**Task**
Restate the data exactly as given and keep the pictures out.

**Data excerpt**
·····

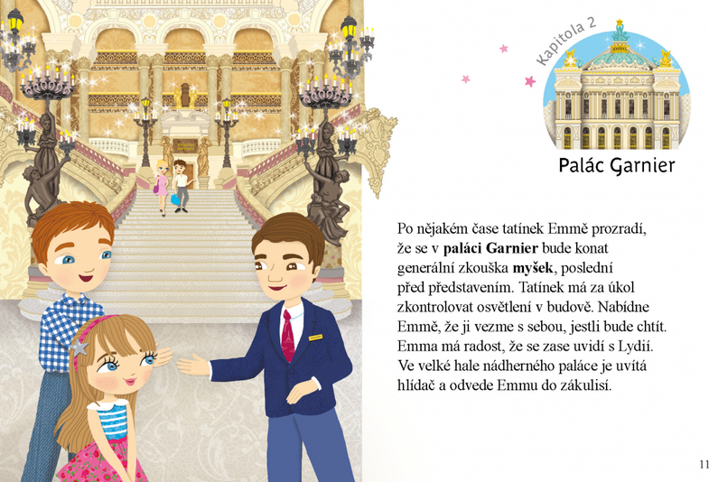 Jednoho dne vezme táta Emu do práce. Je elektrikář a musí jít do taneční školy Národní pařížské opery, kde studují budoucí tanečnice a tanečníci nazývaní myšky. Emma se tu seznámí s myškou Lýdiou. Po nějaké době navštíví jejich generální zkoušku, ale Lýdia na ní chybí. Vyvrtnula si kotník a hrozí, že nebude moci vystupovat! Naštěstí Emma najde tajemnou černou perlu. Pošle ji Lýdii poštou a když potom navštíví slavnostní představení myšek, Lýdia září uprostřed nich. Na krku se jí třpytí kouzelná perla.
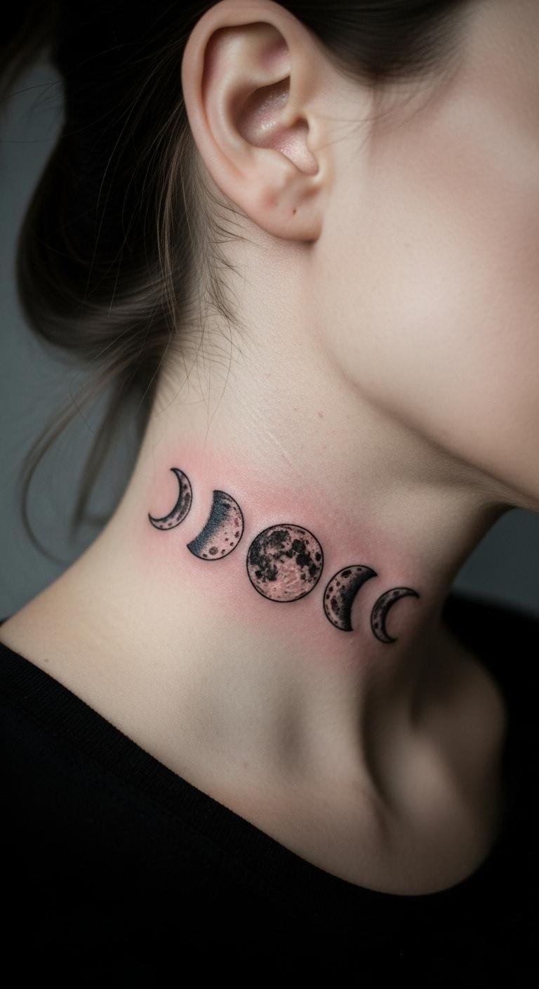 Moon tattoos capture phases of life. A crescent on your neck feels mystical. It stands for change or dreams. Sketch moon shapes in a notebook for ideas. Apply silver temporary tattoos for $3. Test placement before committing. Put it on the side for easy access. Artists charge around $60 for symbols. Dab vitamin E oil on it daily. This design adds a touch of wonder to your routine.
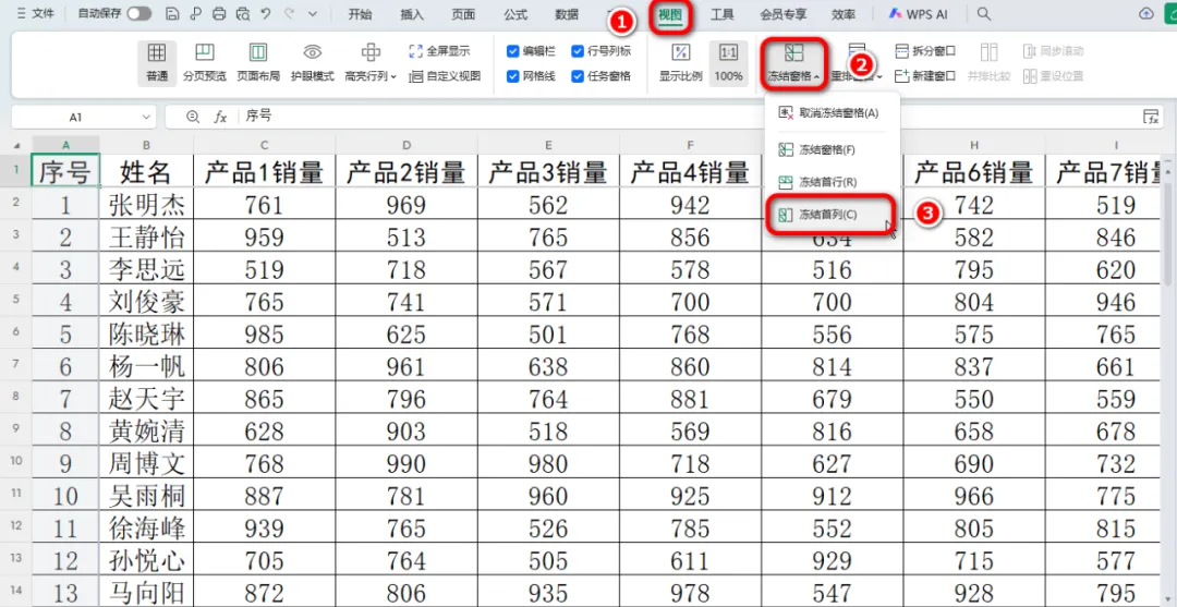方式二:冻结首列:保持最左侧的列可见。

·····

**Task response**
 Jednoho dne vezme táta Emu do práce. Je elektrikář a musí jít do taneční školy Národní pařížské opery, kde studují budoucí tanečnice a tanečníci nazývaní myšky. Emma se tu seznámí s myškou Lýdiou. Po nějaké době navštíví jejich generální zkoušku, ale Lýdia na ní chybí. Vyvrtnula si kotník a hrozí, že nebude moci vystupovat! Naštěstí Emma najde tajemnou černou perlu. Pošle ji Lýdii poštou a když potom navštíví slavnostní představení myšek, Lýdia září uprostřed nich. Na krku se jí třpytí kouzelná perla.
 Moon tattoos capture phases of life. A crescent on your neck feels mystical. It stands for change or dreams. Sketch moon shapes in a notebook for ideas. Apply silver temporary tattoos for $3. Test placement before committing. Put it on the side for easy access. Artists charge around $60 for symbols. Dab vitamin E oil on it daily. This design adds a touch of wonder to your routine.
方式二:冻结首列:保持最左侧的列可见。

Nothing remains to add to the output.